Alienspaceship · 08/05/2018 14:52

Mrs Hathaway’s response is perfect

Rudgie47 · 08/05/2018 14:54

Its cheeky of them to ask irrespective of the argument, just say you cant do it as your too busy with your 2 children. I'd suggest they look up local childminders and have a proper going on where they pay.

Cawfee · 08/05/2018 14:56

Blimey! You are not BU. That’s a massive ask and a massive cheek considering the circumstances. Just say no. It’s not something you want to be tied down to and you may go back to work and you want to keep your options open. You do t have to agree

MeMyShelfandIkea · 08/05/2018 14:56

Out of interest what does your DH think you should do? (I'm not implying it's not your decision though).

And no, not childish at all to refuse. Childish would be a no followed by "ner ner ne ner ner!" It's a big thing they're asking of you!

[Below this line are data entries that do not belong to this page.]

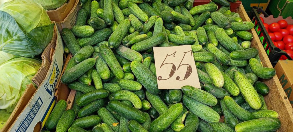 Огірки ми знайшли у Києві саме дешевше за 55, а ось у Краматорську навіть по 30 грн.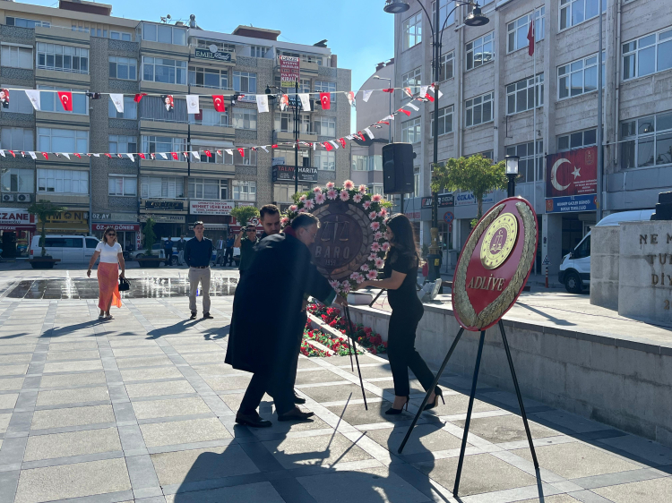 Isparta'da Adliye Sarayı bahçesinde düzenlenen törende, Isparta Cumhuriyet Başsavcısı Doç. Dr. Aydın Turhan ve Isparta Barosu Başkanı Ünsal Çankaya, Atatürk Anıtı'na çelenk sundu.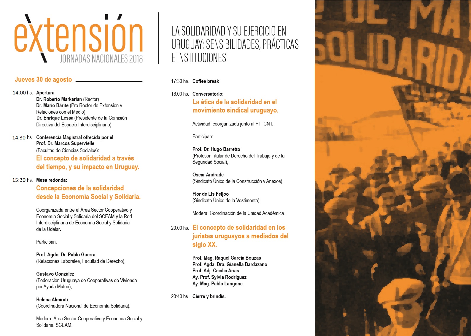 Por este intermedio invitamos cordialmente a Ud. a participar en la Jornada "La solidaridad y su ejercicio en Uruguay: sensibilidades, prácticas e instituciones", la que se desarrollará en la Sala Maggiolo del edificio central de la Universidad, el próximo 30 de agosto desde las 14 horas.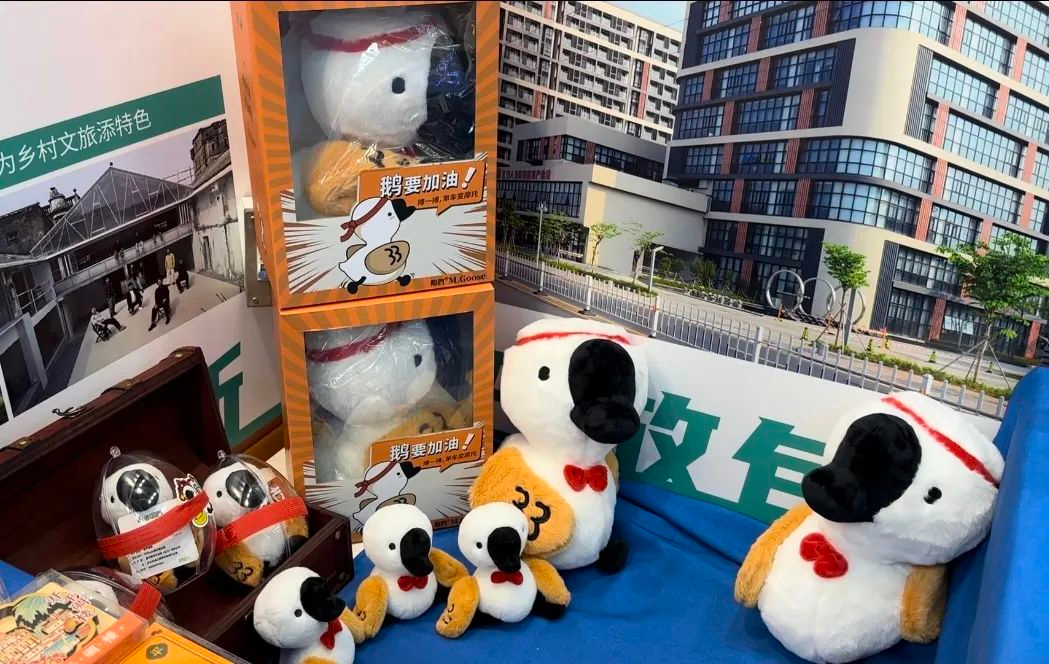 展區(qū)同時還邀請了入駐基地的創(chuàng)業(yè)項(xiàng)目主理人參展,來自香港的“鵝們藏寶圖”的主理人譚國萍帶著她可愛的“阿呆”毛絨公仔亮相,“阿呆”以開平馬岡鵝為創(chuàng)作原型,結(jié)合燒鵝、五味鵝等美食的元素,可愛有趣的可吸附設(shè)計,吸引了眾多求職者的目光?!跋M魑粠煹軒熋脗?,能帶著我們文創(chuàng)產(chǎn)品,來到開平,去逛我們的碉樓糧倉、赤坎古鎮(zhèn),去吃我們的馬岡鵝、豆腐角,去創(chuàng)業(yè)、去就業(yè)、去實(shí)現(xiàn)你自己的夢想。”譚國萍說道。

TryingOutNC · 08/05/2018 14:57

I would leave out this bit Obviously give me a shout if you're ever stuck as a one off though

That's inviting cheeky fuckery.

I can't believe she's asking you when you have a 3yr old and a newborn!!

paddlingwhenIshouldbeworking · 08/05/2018 14:57

No-one should undertake childcare for anyone you can't be honest and comfortable with so YANBU. Recipe for disaster all round.

Even if you wanted to sit down and eat strawberries and hob nobs all day whilst watching 'say yes to the dress' on loop, it's never childish not to want to look after someone else's children on a regular basis!

ferriswheel · 08/05/2018 14:58

What Mrs Hathaway said but with out the one off offer.

ScrubTheDecks · 08/05/2018 14:58

OMG! That is outrageous.

How do people come to think that anyone on maternity leave is fair game for free childcare?

(I am assuming they didn't look after your older child while she was on ML?).

Just say 'sorry - my hands are full with my own kids and I'm not looking to take on anything extra. Be lovely for the cousins to spend time together, though.'

They have probably forgotten about blocking you on social media.